▸ Exercise directions
Below this line are records; write out exactly the lines from the one containing "Lot of 2x 2017" through the one containing "(사진제공=중구의회) | ||", with the pictures left out.

▸ Provided information
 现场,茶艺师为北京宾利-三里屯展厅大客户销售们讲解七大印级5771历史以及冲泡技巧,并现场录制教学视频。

---

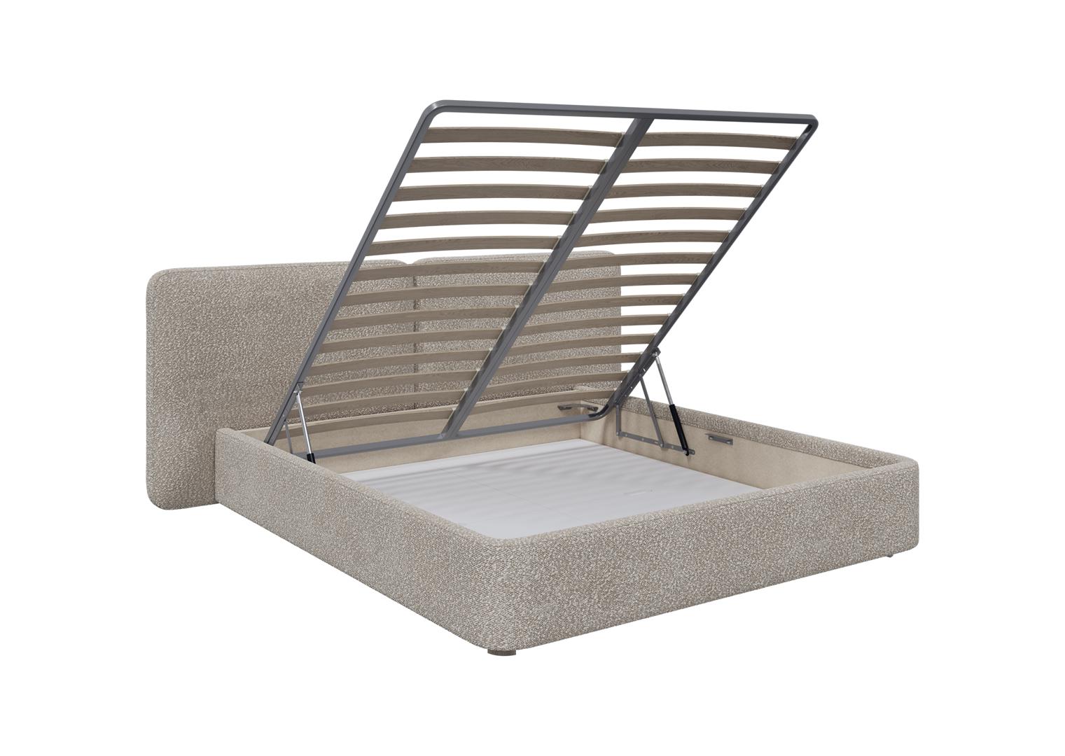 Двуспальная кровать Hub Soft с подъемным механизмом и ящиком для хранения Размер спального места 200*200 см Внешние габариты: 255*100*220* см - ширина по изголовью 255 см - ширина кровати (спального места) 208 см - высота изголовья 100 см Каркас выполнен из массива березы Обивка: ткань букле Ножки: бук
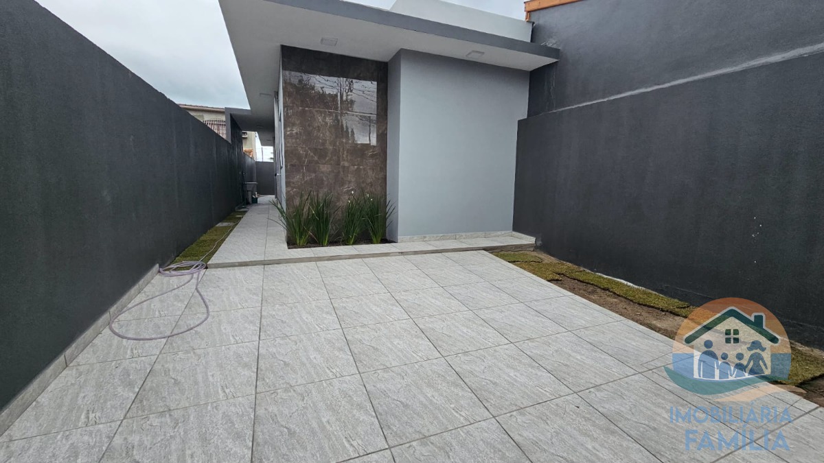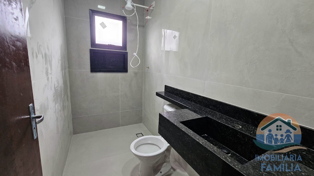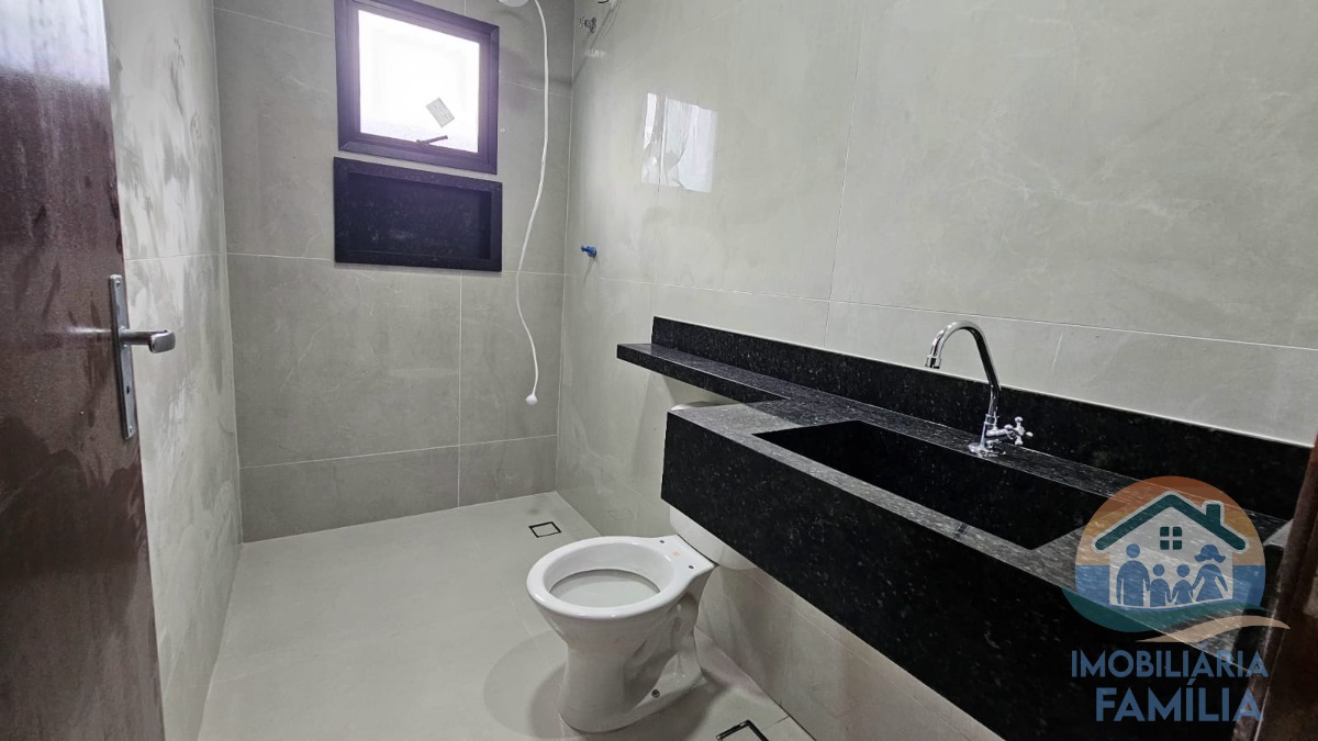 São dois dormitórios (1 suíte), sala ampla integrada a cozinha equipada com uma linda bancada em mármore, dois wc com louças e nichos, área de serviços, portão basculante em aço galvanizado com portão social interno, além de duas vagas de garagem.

---

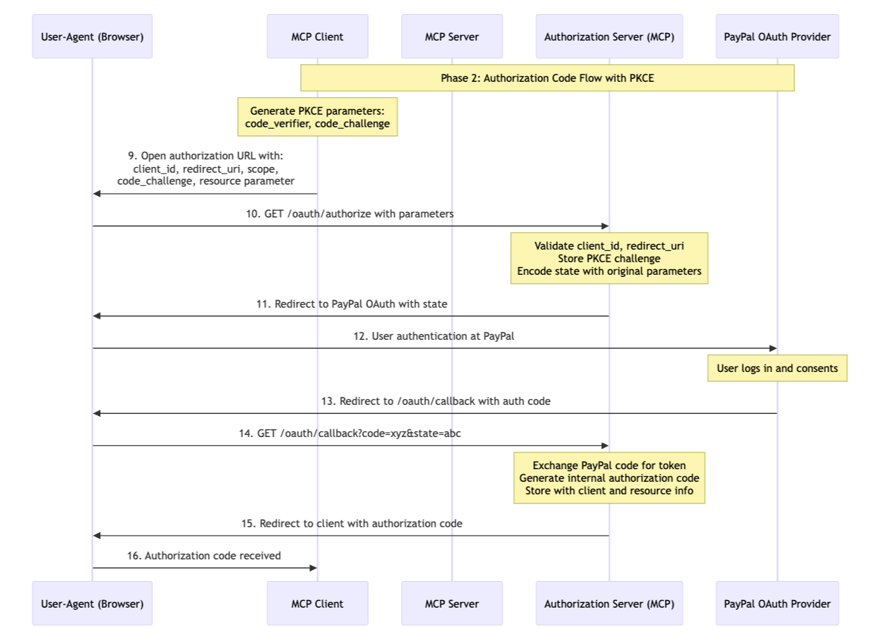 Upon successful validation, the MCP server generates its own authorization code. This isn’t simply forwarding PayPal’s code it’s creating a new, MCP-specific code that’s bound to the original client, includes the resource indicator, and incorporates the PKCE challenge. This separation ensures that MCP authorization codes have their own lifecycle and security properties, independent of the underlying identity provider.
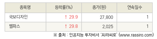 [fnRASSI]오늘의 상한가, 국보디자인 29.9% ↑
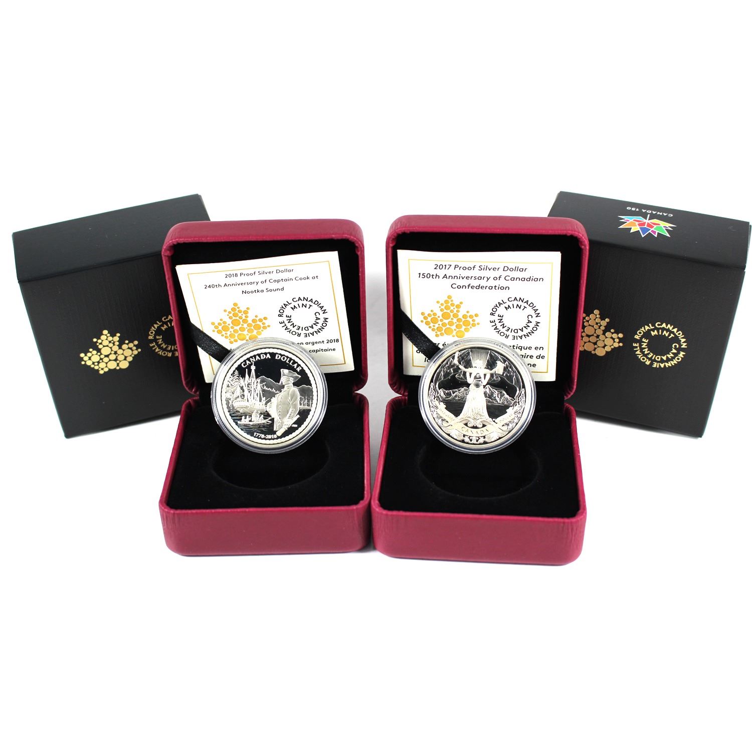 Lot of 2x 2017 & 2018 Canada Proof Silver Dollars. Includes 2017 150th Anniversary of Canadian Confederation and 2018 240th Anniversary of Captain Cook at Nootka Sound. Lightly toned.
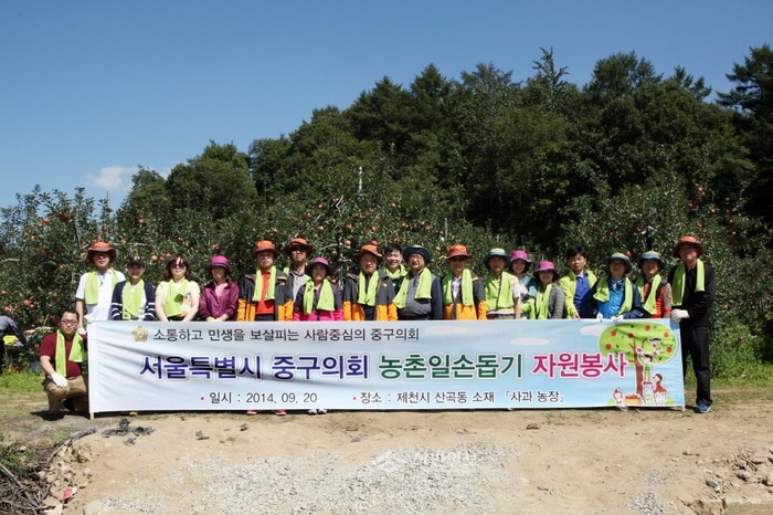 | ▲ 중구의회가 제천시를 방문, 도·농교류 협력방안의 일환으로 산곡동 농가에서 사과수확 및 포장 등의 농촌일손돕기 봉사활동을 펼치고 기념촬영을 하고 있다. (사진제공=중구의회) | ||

▸ Solved problem
 Lot of 2x 2017 & 2018 Canada Proof Silver Dollars. Includes 2017 150th Anniversary of Canadian Confederation and 2018 240th Anniversary of Captain Cook at Nootka Sound. Lightly toned.
 | ▲ 중구의회가 제천시를 방문, 도·농교류 협력방안의 일환으로 산곡동 농가에서 사과수확 및 포장 등의 농촌일손돕기 봉사활동을 펼치고 기념촬영을 하고 있다. (사진제공=중구의회) | ||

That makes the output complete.